According to the canadian Registry of insufficiencies and organ transplants (CORR), 9 532 Ontarians whose kidneys were not working were treated by hemodialysis in Ontario, in 2017. “For those people, provincial health insurance is often the only insurance they can get” to cover the costs of their haemodialysis received abroad, ” said Ms. Gélinas, in interview to the Newspaper of insurance. No patient can bring his machine around with him. It would have to be accompanied by four big movers for the do. “However, some people dialysis do not have the choice to travel, whether for study, work or visit their family.

The insurers to the rescue ?

Christine Elliott, minister of ontario Health and long-term Care, has been taken on this subject. Since then, it exchanges with stakeholders “to protect the ability of hemodialysis patients to travel safely abroad and to better understand the challenges these people face,” says his spokesperson, Hayley Chazan, in the Journal of the insurance.

On the occasion of a meeting with dialysis, the minister ” told them that she would find a solution to ensure that they are insured. The patients had the impression that she would force insurers to sell them insurance, ” says France Gélinas. “I don’t know of any insurance companies that do volunteer work. Even if they include the hemodialysis in their blankets, if they sell at prices that patients can’t pay, this is not a solution, ” she continued.

Face it, Hayley Chazan belies that allegation : “let this be clear : the minister Elliott does not require insurance companies to cover people who require haemodialysis when they travel outside of Canada. This is not part of the conversations going on between our government and the stakeholders. “

Solicited by the Journal de l’assurance, l’Association canadienne des compagnies d’assurances de personnes (CLHIA) indicates that it does not wish to comment ” for the moment “.

A decision outside the law ?

While the outcome of these discussions is still uncertain, France Gélinas “fingers crossed” for the minister to “reconsider” its decision.

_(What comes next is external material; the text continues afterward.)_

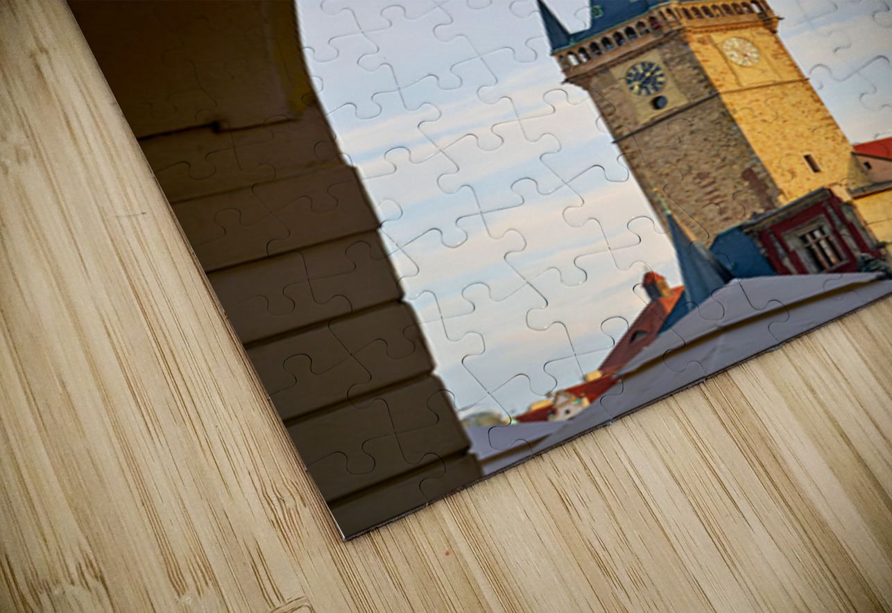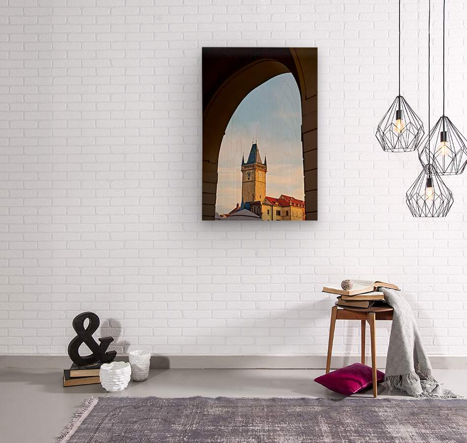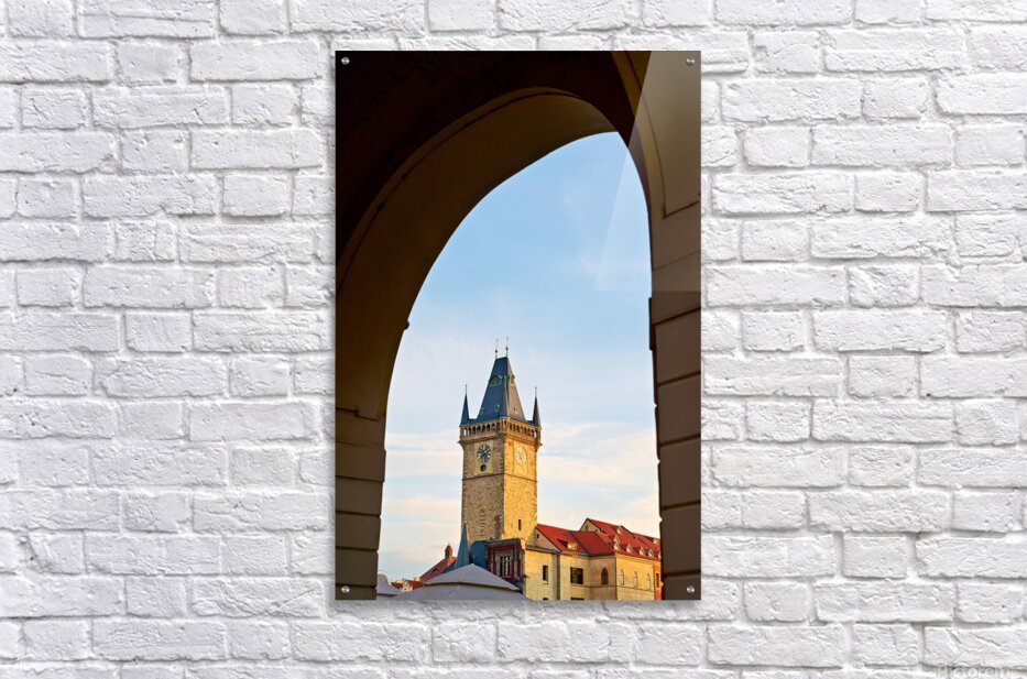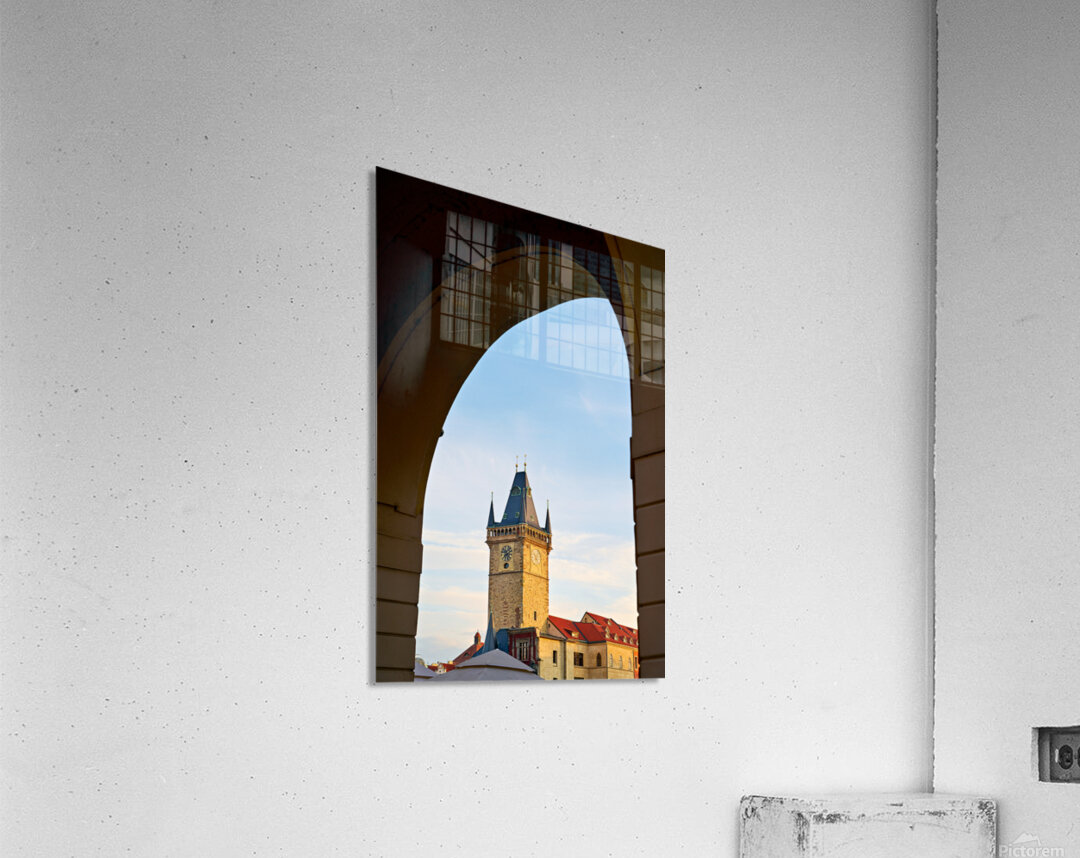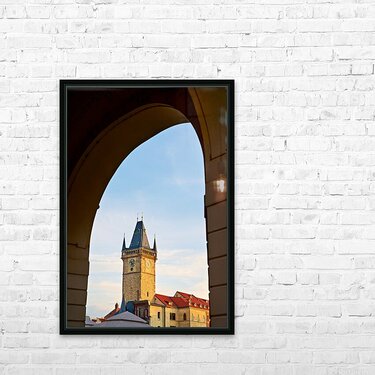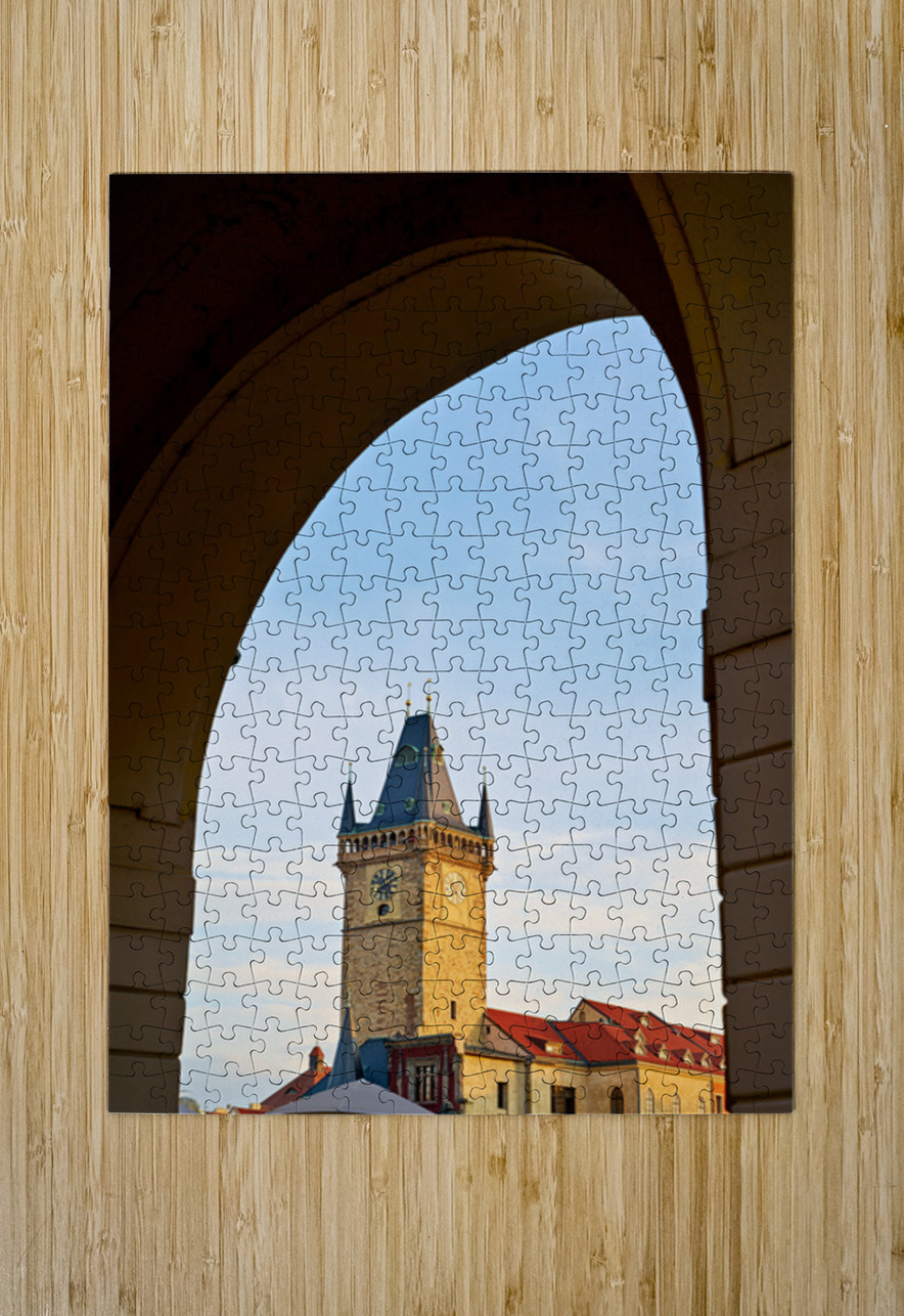 The iconic Old Town Hall Tower in Prague Czech Republic stands tall against a clear sky framed by a historic archway showcasing the citys timeless bea

The mp wants the Ontario continues to cover all Ontarians traveling outside of Canada. To the extent that “the federal government” helps “, because it would no longer cover the Ontarians abroad contravenes the canada health Act (CHA), she said.

“The provincial health insurance must follow the insured from one canadian province to another, as well as outside of Canada. This is one of the five conditions for the province to receive funding from the federal government. From the 1st of October, we will respect more this condition. Ontario turns its back on this important piece of legislation and goes to a two-tier system, ” said Ms. Gélinas. In response, the spokesman for Christine Elliott states that “the LCS is a federal law” and that ” to determine if a province violates the LCS is a federal issue “.

In fact, the condition of ‘portability’, enshrined in article 11 of the LCS provides that provincial health insurance to ” ensure the payment of the amounts for the cost of insured health services provided to insured persons temporarily absent from the province “. The act specifies that, if these services are provided to foreign countries “, the amount should be equivalent to this ” that would have been paid by the province for similar services provided in the province “. The canadian provinces must meet this requirement ” to be entitled to the full contribution of monetary Transfer as a canadian health “, the law says.

Contacted by the Journal of insurance, Health Canada had not responded at the time of writing these lines. Each year, approximately 20,000 Ontarians have recourse to the programme of the OHIP covering a portion of the health costs incurred by Ontario residents outside of Canada. This service costs between 10 and 12 million dollars per year to the ontario government.